Cliches Come to Life

-- Three researchers, analyzing 25 years of data from the famous Kinsey Institute, concluded in a 1999 issue of Archives of Sexual Behavior that gay men's penises are longer than heterosexual men's (average 6.46 inches erect vs. 6.14 inches). And British inventor David Elliott, 20, announced in June that he was seeking financial backers for a pager ("Gaydar") to be marketed to shy gay men that would vibrate in the vicinity of someone with a similar device, thus making introductions easier.

-- Life Imitates Art: Rowan Atkinson, who plays the shy, bumbling Mr. Bean in the British TV series, fled on foot from onlookers in October after being involved in a car crash near Lancashire, England. According to a witness, Atkinson ran in the distinctively awkward Mr. Bean style ("His arms and legs were flapping") to a nearby factory, where he hid until reporters left.

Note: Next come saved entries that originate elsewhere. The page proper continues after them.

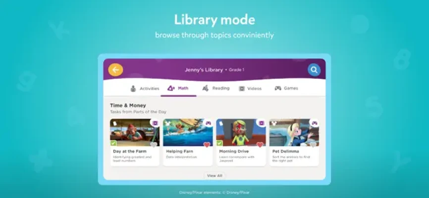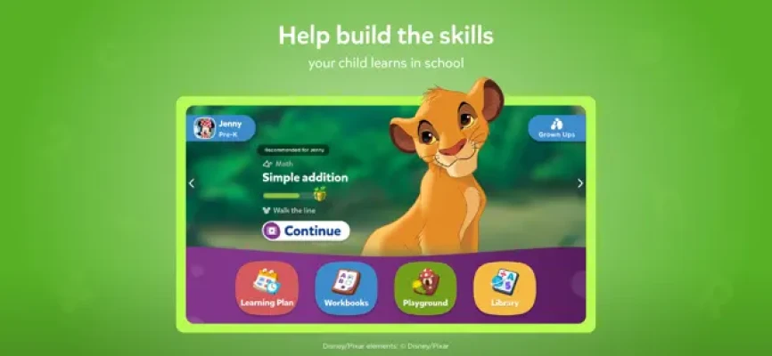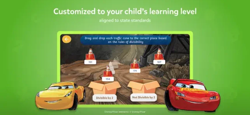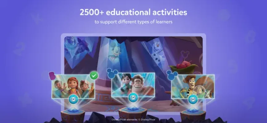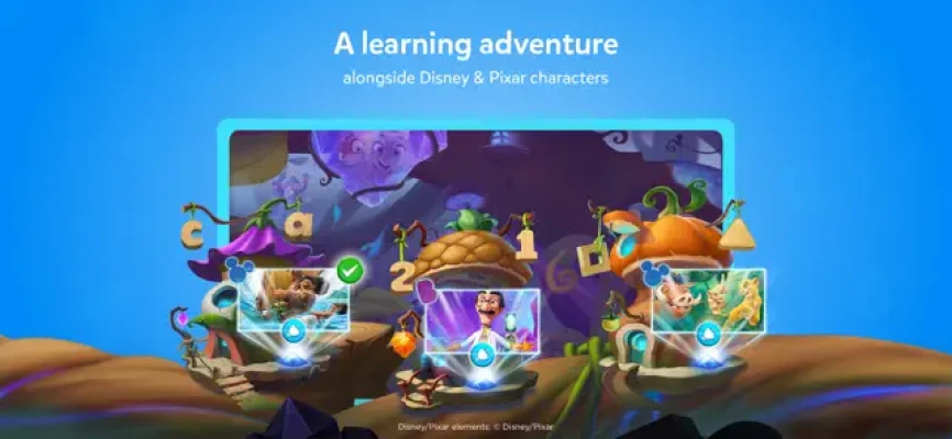- A guided learning adventure featuring iconic Disney and Pixar characters like Buzz Lightyear, Elsa, Lightning McQueen, and more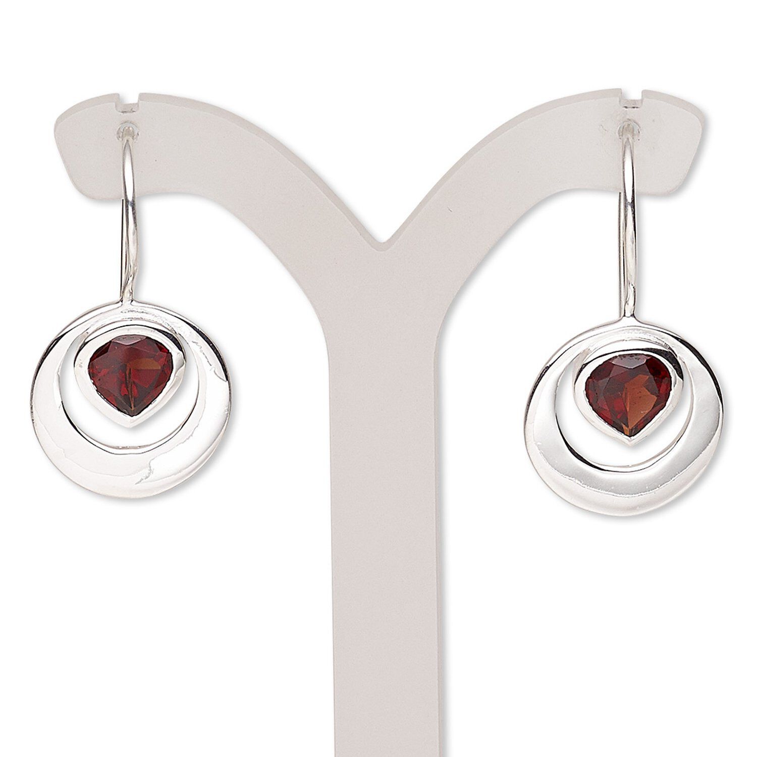 Earring, garnet (natural) and sterling silver, 29mm with 7x7mm faceted teardrop and fishhook ear wire. Sold per pair.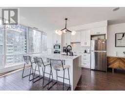 Bathed in the gentle southeast light that only a high corner suite can claim, Festival Towers Suite 2912 feels less like a condo and more like a private observatory above King West. True floor-to-ceiling glass stretches across both bedrooms, the living-dining expanse, and a 143-square-foot balcony, capturing a spellbinding tableau of the CN Tower, downtown skyline, and a distant shimmer of lake. Inside, 1,249 square feet have been thoughtfully re-imagined for both daily ease and elevated entertaining. The kitchen, redesigned in 2021, balances form and function with crisp white cabinetry, a discreet pantry wall, a stone waterfall island with hidden storage and pop-up power, and a huge dining area ready for everything from early-morning smoothies to multi-course dinner parties. Both bedrooms are exceptionally large and both Bathrooms have been completely renovated with the primary ensuite having in marble-style wall tiles, a sleek new vanity, brushed gold hardware, and immaculate fixtures; the second full bathroom mirrors the same elevated finish in matte black. Life here is effortlessly practical with your own parking space and locker keep city living organized yet the buildings amenity collection turns ordinary days into something closer to resort living: a white-glove 24-hour concierge, hotel-calibre indoor pool with steam and sauna, a fully equipped fitness club, yoga studio, skyline terrace with cabanas and barbecues, private cinema, guest suites, and even exclusive TIFF screenings in the in-house theatre. Michelin-starred restaurants, designer boutiques, transit, the PATH, and the Financial District sit right outside the front door, but Suite 2912 cocoons you above it all, wrapped in sun, sky, and a quiet sense of privilege. To appreciate how naturally the space flows and how the view steals every scene explore the attached 3D Matterport tour, then come experience the sunrise for yourself. (id:61594)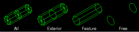 Displays only edges on the exterior of the model.

-- Writing in a 1998 issue of the British Medical Journal, researchers concluded that physicians indeed have "unusually poor handwriting" -- worse than that of other health-care professionals. In October 1999, a jury in Odessa, Texas, ruled that a physician's sloppily written prescription caused a pharmacist to dispense the wrong drug, which contributed to the death of a 42-year-old man. (The family of the deceased said they were basically satisfied with their doctor's ability, except for his handwriting.)

People Who Are Not Like You and Me

A 36-year-old father was arrested in Norwalk, Conn., in January and charged with allowing his 2-year-old son to puff away on a cigarette in a restaurant. (According to an eyewitness, the kid handled the cigarette like it wasn't his first one.) And a 33-year-old mother was arrested in Euless, Texas, in December and charged with permitting her four children to drink alcohol at home, including a 16-month-old boy with a .126 blood-alcohol reading. (According to authorities, the woman said, "He wants what his mama wants. What am I supposed to do about it?")

Update

When Peter "Commander Pedro" Langan made News of the Weird in 1997, he had not yet outed himself as a transsexual-in-progress, probably because he had just been convicted of assault and firearms charges as the leader of a white supremacist gang in Ohio and feared what his neo-Nazi buddies might do to him if they knew he suffered from "gender confusion." In November 1999, a Columbus Dispatch story on Ohio inmates applying for state-funded sex-change operations revealed that Commander Pedro is now out of the closet, having requested the surgery and having asked guards to treat him as a woman.

Least Competent Criminals

Trevor Brian Smith, 26, was arrested for bank robbery in Cary, N.C., in January after police alerted banks in the area. The day before, the manager of a Central Carolina Bank had noticed a man pacing outside his front window, getting up his nerve, while wearing a large false nose, a bad blond wig and gold-rimmed clown glasses, and who had covered the front license plate of his car before approaching the door. The manager called the police, but as the man was set to enter, a passing fire truck scared him away. A similarly dressed Smith was arrested at another bank the next day.

Also, in the Last Month ...

A murderer sentenced to 92 years in prison but paroled after 21 years won the $3.9 million Missouri Lottery. A kindergarten teacher was suspended after forcing a defiant blackboard-doodling pupil to lick off her graffiti (Oakland, Calif.). The man in charge of enforcing Falmouth, Mass., sexual harassment regulations for the last nine years was fired, for sexual harassment. A Hawaii state senator introduced a bill to permit government workers to go to sleep during their coffee breaks. A man charged with manslaughter by DUI and released on bail on condition that he not drive, arrived late to his first court hearing, absentmindedly explaining to the judge that he had trouble finding a parking space (Olathe, Kan.).